— Конечно, нет. Но… грибы грибами, а новый учебный год не за горами. Не забывай об этом. Ты всё прочитала из литературы по списку на это лето?
— Еще не всё, но значительную часть.
— Посоветуй что-нибудь почитать Василию. А то я ни разу не видел его с книгой.
— Как же, ему посоветуешь, — дернула плечом Светлана. — Он только и знает, что футбол да самолеты. Ты бы поговорил с ним, папа.
— Хорошо, поговорю. С тобой тоже не мешает поговорить.
— О чем? — Светлана смутилась и потупилась, уши ее и шея медленно краснели под взглядом отца. Затем она вскинула голову, гневно сверкнула глазами: — Это тебе твои охранники наплели какие-то глупости! А у нас ничего нет. Разговариваем. О литературе, театре, музыке. Он очень много знает. С ним интересно. Вот.
— Ну-ну, не кипятись, — мягко произнес Сталин, дотронувшись до головы дочери. — Если бы твой отец был простым инженером или рабочим, он мог бы уделять твоему воспитанию больше внимания, ему бы не понадобились для этого охранники. Но твой отец не простой инженер. И он слишком занят. В то же время ему не безразлична судьба своих детей. Ты должна понимать это: ты уже взрослая.

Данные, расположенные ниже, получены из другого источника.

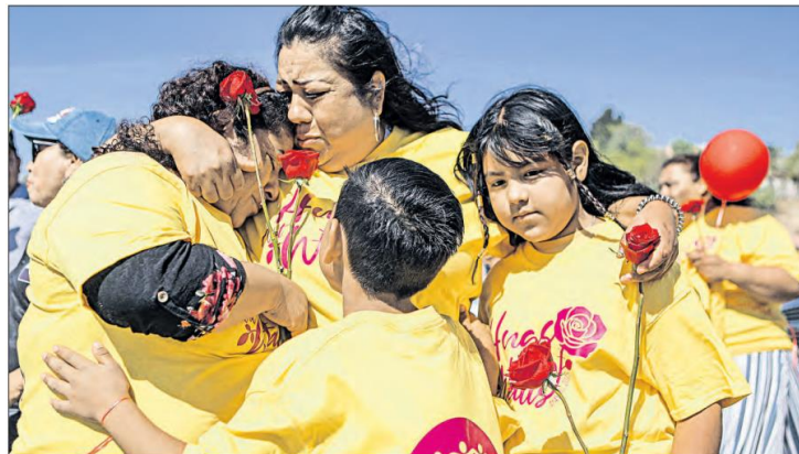
En el contexto del Día de las Madres, madres e hijos migrantes separados por las políticas de Estados Unidos se manifestaron ayer en Ciudad Juárez contra la militarización de la frontera

Madres migrantes, hijas e hijos separados por las políticas de Estados Unidos se manifestaron en los límites de México y ese país contra la militarización del lado estadounidense, donde se creó una nueva zona castrense a la orilla del río Bravo.

— А взрослый человек имеет право на самостоятельность, — ответила с вызовом Светлана.
Сталин усмехнулся, привлек к себе дочь, поцеловал в щеку, отпустил, пошел к машине, возле которой его ожидал генерал Власик.
— Ты проследи за этим… как его… — Сталин брезгливо поморщился, сделал в воздухе неопределенный жест рукой и полез в машину. — Только без фокусов, — буркнул он, усаживаясь на свое место. — Я сам решу, что делать.
— Будет исполнено, товарищ Сталин, — негромко ответил генерал и захлопнул за Сталиным дверцу.
Глава 26
Лаврентий Павлович Берия тяжело опустился в кресло за массивным дубовым столом. Кресло было тем же самым, на котором сидели его предшественники, только подставку из-под ног убрали, да со стола все лишнее, да из ящиков.
Лаврентий Павлович хотел заменить и кресло, однако новый начальник административно-хозяйственного управления НКВД Сумбатов-Тупоридзе, до этого работавший в Тбилиси под началом Берии же, не посоветовал этого делать:
— Тут все считают этот кабинет музейной реликвией, никто здесь ничего не менял со времен Дзержинского… Вас не поймут, Лаврентий Павлович.
— Садиться в чужое кресло — все равно что надевать чужие кальсоны, — наставительно произнес Берия. — Впрочем, пусть остается, — разрешил он, сел в кресло, поерзал в нем, откинулся на спинку, хмыкнул: — Безразмерное. — Затем усмехнулся, вспомнив Ежова, имевшего рост чуть выше обыкновенного лилипута, приказал: — Пусть почистят, приведут в порядок, а то от них кислыми щами воняет.
— Уже чистили, уже привели, Лаврентий Павлович, — вытянулся в струнку начальник АХУ.
— Так еще раз почисть и приведи! — вспылил Берия и вышел из кабинета.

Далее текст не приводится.